Guiding Principles
Observe Without Judgment
Drop evaluations — simply see what is happening and respond to reality
The Problem with Judgment
When a manager labels something as "good" or "bad," the conversation shifts from understanding reality to defending positions. Positive evaluations create pressure to maintain appearances. Negative evaluations trigger defensiveness. Both distort the information flow that a team depends on.
What "Awareness of What Is" Means
Instead of evaluating, observe and describe:
- Replace "This code is bad" with "This code has no error handling for network failures" — The first is a judgment that puts people on the defensive. The second is a factual observation that naturally leads to a solution.
- Replace "Great job on the release" with "The release went out on time with zero rollbacks" — The first is a vague evaluation. The second acknowledges specific facts, which is more meaningful and informative.
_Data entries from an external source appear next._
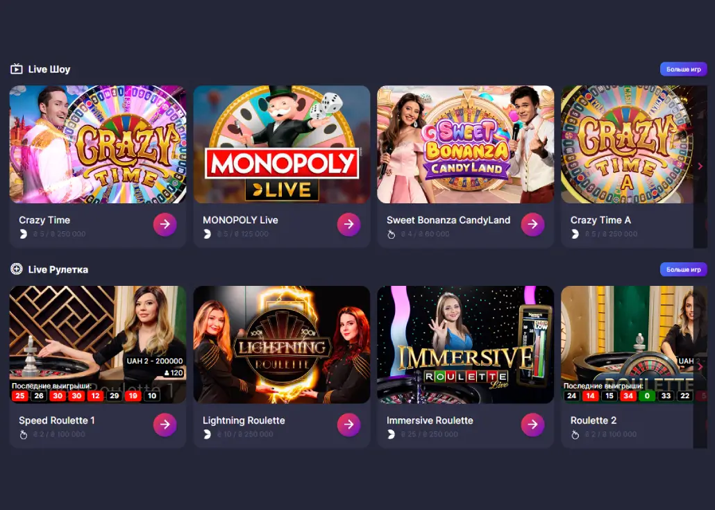 Это формат, который максимально приближен к реальному казино. Здесь вас обслуживают настоящие дилеры, и вы можете общаться с ними и другими игроками в режиме реального времени. Минимальные ставки в живых играх часто выше, чем в обычных игровых автоматах, но в некоторых казино вы найдете столы с низкими лимитами. Например, можно сыграть в живую рулетку или блэкджек, начиная с 10-20 грн за раунд.
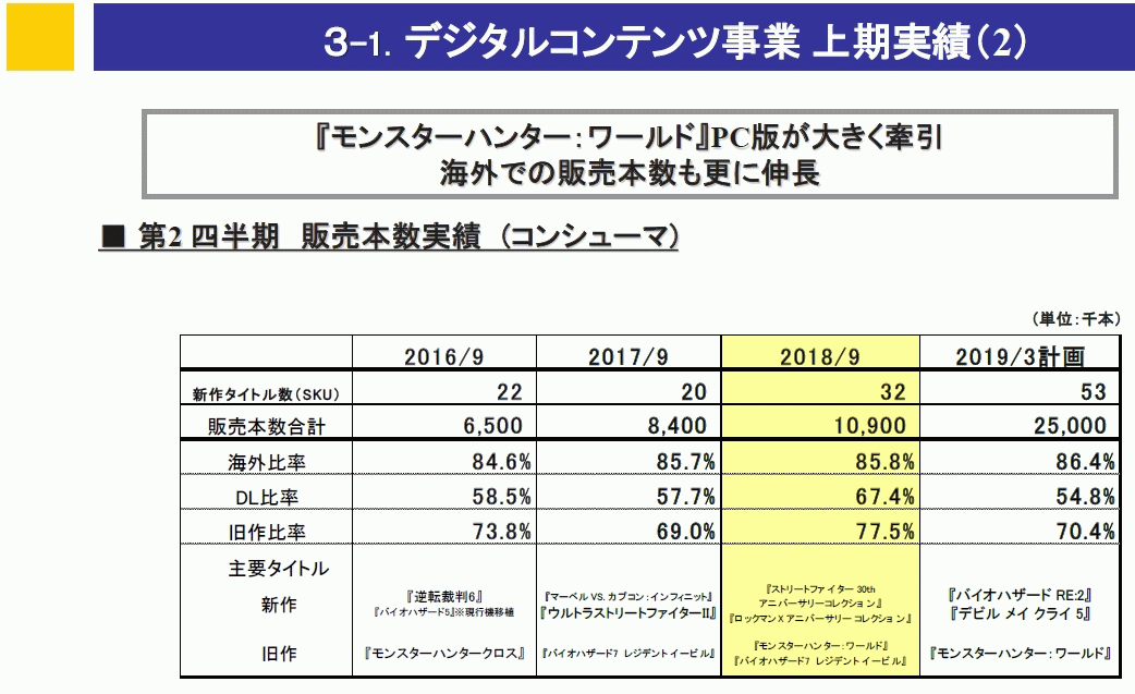 誤解する人も多いと思いますが、カプコンの決算でいうDLCは追加コンテンツだけでなく本体…ゲームそのものも含まれています。
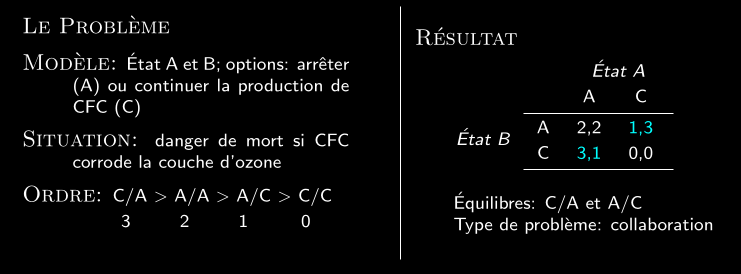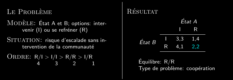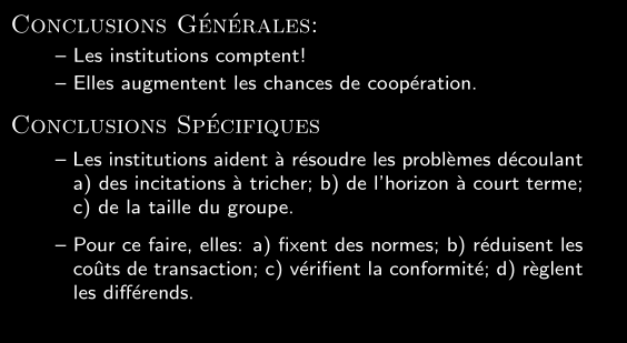 - Institutions : réduire l’ambiguïté; bien spécifier la coopération et la trahison.
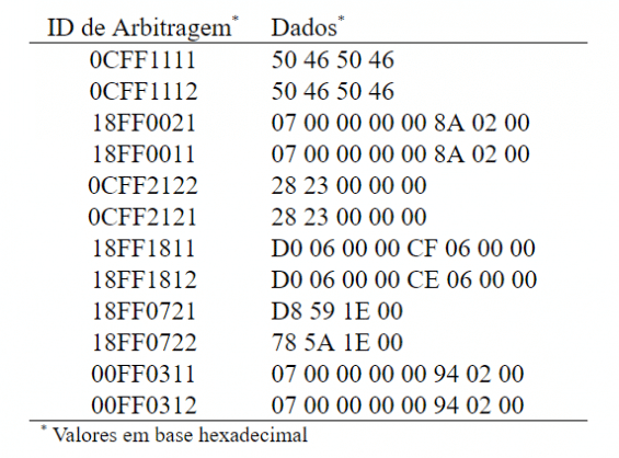 O primeiro teste realizado, denominado Computador / Apalis, simulou várias ECUs transmitindo uma grande quantidade de mensagens quase simultaneamente. A quantidade de mensagens por segundo (mps) transmitidas ao módulo Apalis iMX6 pelo computador hospedeiro variou entre 2.000 e 8.000, dependendo da taxa de transmissão da rede CAN. Três taxas de transmissão foram utilizadas nos testes: 250Kbps, 500Kbps e 1Mbps (adotada apenas para testar o desempenho do módulo na maior taxa de transmissão permitida no padrão ISO 11898). A fila de entrada da porta CAN0 do módulo Apalis iMX6 foi configurada para armazenar até 1.000 mensagens. O programa CANSender foi utilizado para enviar as doze mensagens CAN mostradas na tabela 1 repetidamente por 10 minutos ao módulo Apalis iMX6. O programa candump foi utilizado para ler as mensagens CAN recebidas na porta CAN0 e armazená-las em um arquivo texto posteriormente analisado pelo programa canmsgcount.sh.
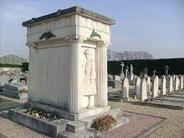 • Henri Robida : sa tombe en marbre noir représente deux ailes encadrant une mappemonde, avec le trajet Paris-Hanoï-Paris, qu’il effectua en 1932.
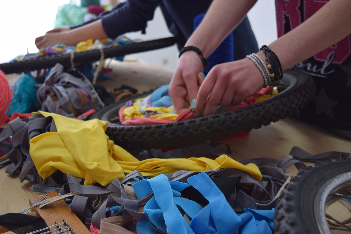 Das Projekt fand an vier Donnerstagen im Juni in der KleppArt - Räume für Textiles und Kultur statt. Ein reiches Materialangebot an Stoffen, Wolle und außergewöhnlichen Objekten, wie einzuwebenden (Fahr)Rädern, sollte alle Teilnehmer zu einer kreativen Arbeit inspirieren und das Potential der traditionellen Technik des Webens in ihrem zeitgemäßen inklusiven Kontext abbilden.
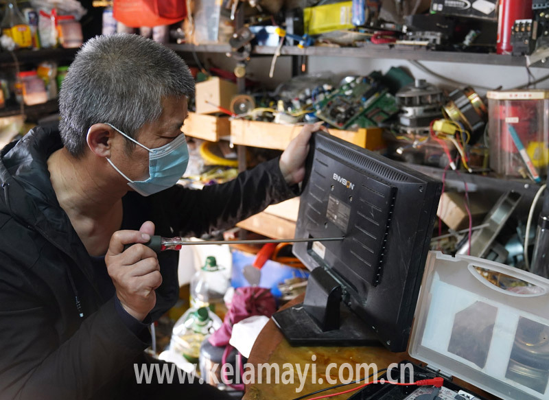 ?4月6日,在我市一個(gè)家電維修部,維修人員正在維修一臺(tái)電腦顯示屏。在我市,有些家電雖然過(guò)了安全使用期限,很多市民仍然選擇維修后再使用。全媒體實(shí)習(xí)記者 非爾代維斯·熱夏提 攝
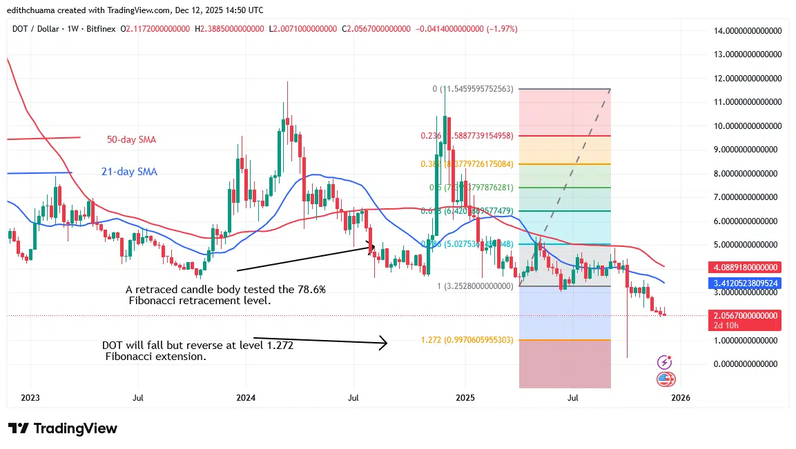 A breach below the $2.00 support level will indicate the resumption of the decline. The altcoin will fall to a low of $1.00, or the $0.25 low. Meanwhile, the DOT price is $1.96 and is steadily falling to the downside.
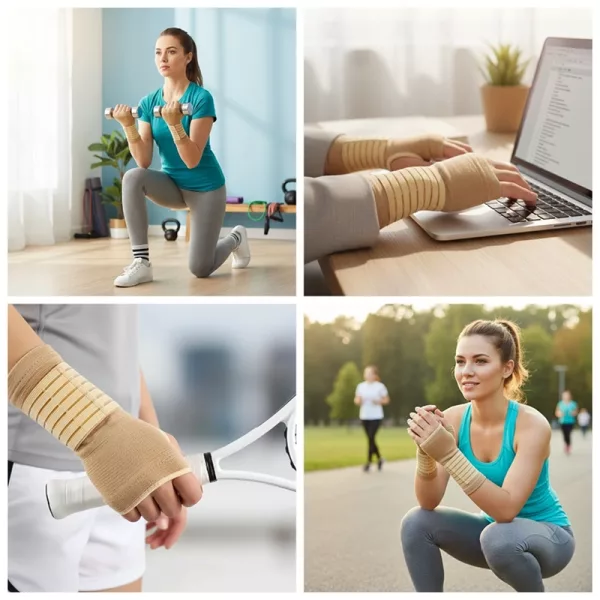 La venda para la muñeca se siente suave y flexible, y mi mano no suda ni siquiera después de usarla todo el día. Me quita el dolor de muñeca casi al instante.
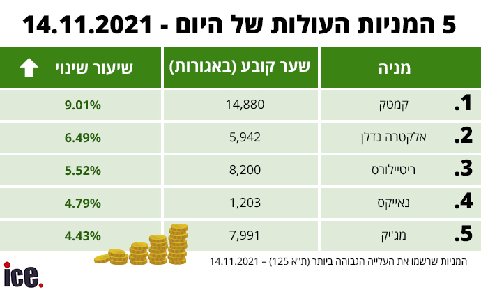 מניית חברת טכנולוגיית ייצור השבבים קמטק היא העולה הגדולה של היום, עם שינוי בשיעור של 9.01% למחיר של 14,880 אג'; אלקטרה נדל"ן, שהודיעה היום על אישור מכרז למקבץ דיור בפלורידה ועל כניסה לתחום המשרדים בבריטניה, עלתה בשיעור של 6.49% למחיר של 5,942 אג' למניה; חברת ייבוא הביגוד וההנעלה ריטיילורס, חברת-הבת של פוקס לתום מוצרי הספורט, עלתה בשיעור של 5.52% למחיר של 8,200 אג' למניה; חברת פתרונות הסליקה נאייקס עלתה בשיעור של 4.79% למחיר של 1,203 אג' למניה; וחברת התוכנה מג'יק עלתה ב-4.43% למחיר של 7,991 אג' למניה.
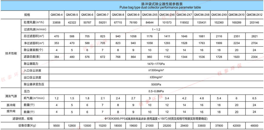 除塵清灰工作過程為:以一個袋為例,含塵氣體由進(jìn)口處直接進(jìn)入氣箱的袋室;由于有負(fù)壓風(fēng)機(jī)的引力驅(qū)動作用,含塵氣體由外及里,自下而上,克服阻力,穿越濾袋到達(dá)上部箱體;粉塵就會被阻擋在濾器組件之外,小的顆粒被吸附在濾芯的表面,大的顆粒直接掉到下面的灰斗中;經(jīng)過過濾后的含有微塵的氣體在脈沖提升閥處匯集,之后從出風(fēng)口排出,此時便是干凈的氣體。過濾狀態(tài)就是對含塵氣體進(jìn)行除塵。當(dāng)過濾工作達(dá)到一定時間(或阻力達(dá)到預(yù)先設(shè)定值),清灰過程開始。其工作過程為:控制器發(fā)出信號,使脈沖提升閥關(guān)閉,阻斷排氣;壓縮空氣脈沖閥開啟,以大于0.5MPa的壓縮空氣經(jīng)脈沖閥噴入凈氣室;并迅速膨脹入濾袋內(nèi),并產(chǎn)生振動作用,清除濾袋外側(cè)表面上的粉塵,粉塵掉落到灰斗。這個動作完成后(大約6~15s),壓縮空氣脈沖閥關(guān)閉,提升閥重新打開,該箱室的濾袋重新回到過濾狀態(tài)。
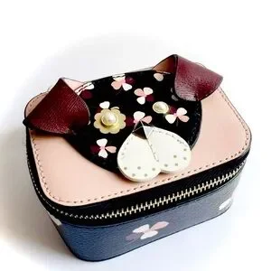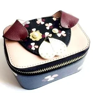 KATE SPADE Floral Cherrywood Puppy Dog Travel Jewelry Box

- Replace "You're not communicating well" with "I noticed the design change wasn't shared until the PR was open" — The first labels the person. The second describes a specific event that can be addressed.
Why This Works
- People stay open: When there's no judgment to defend against, people share information more freely
- Problems surface earlier: Team members are more likely to flag issues when they know the response will be curiosity, not criticism
- Solutions are better: Factual observations lead to root-cause discussions. Judgments lead to blame or complacency
- Trust deepens: People feel respected when their manager engages with reality rather than handing down verdicts
How to Practice This
- In code reviews: Describe what the code does and ask questions. "This function handles both parsing and validation — what do you think about splitting them?" instead of "This function is too complex."
- In 1:1s: Ask "What happened?" before "What went wrong?" Often the answer reveals things that went right and wrong simultaneously.
- In retrospectives: Frame discussions around observations. "We merged 3 PRs without tests last sprint" states a fact the team can reason about together.
- When giving feedback: Describe the behavior and its impact. Let the person draw their own conclusions — they usually arrive at the same place, but with ownership rather than resentment.
The Discipline
This is harder than it sounds. We are wired to evaluate. The practice is to notice when you're making a judgment, pause, and translate it into an observation. Over time, this becomes the default mode of thinking — and the quality of your conversations will transform.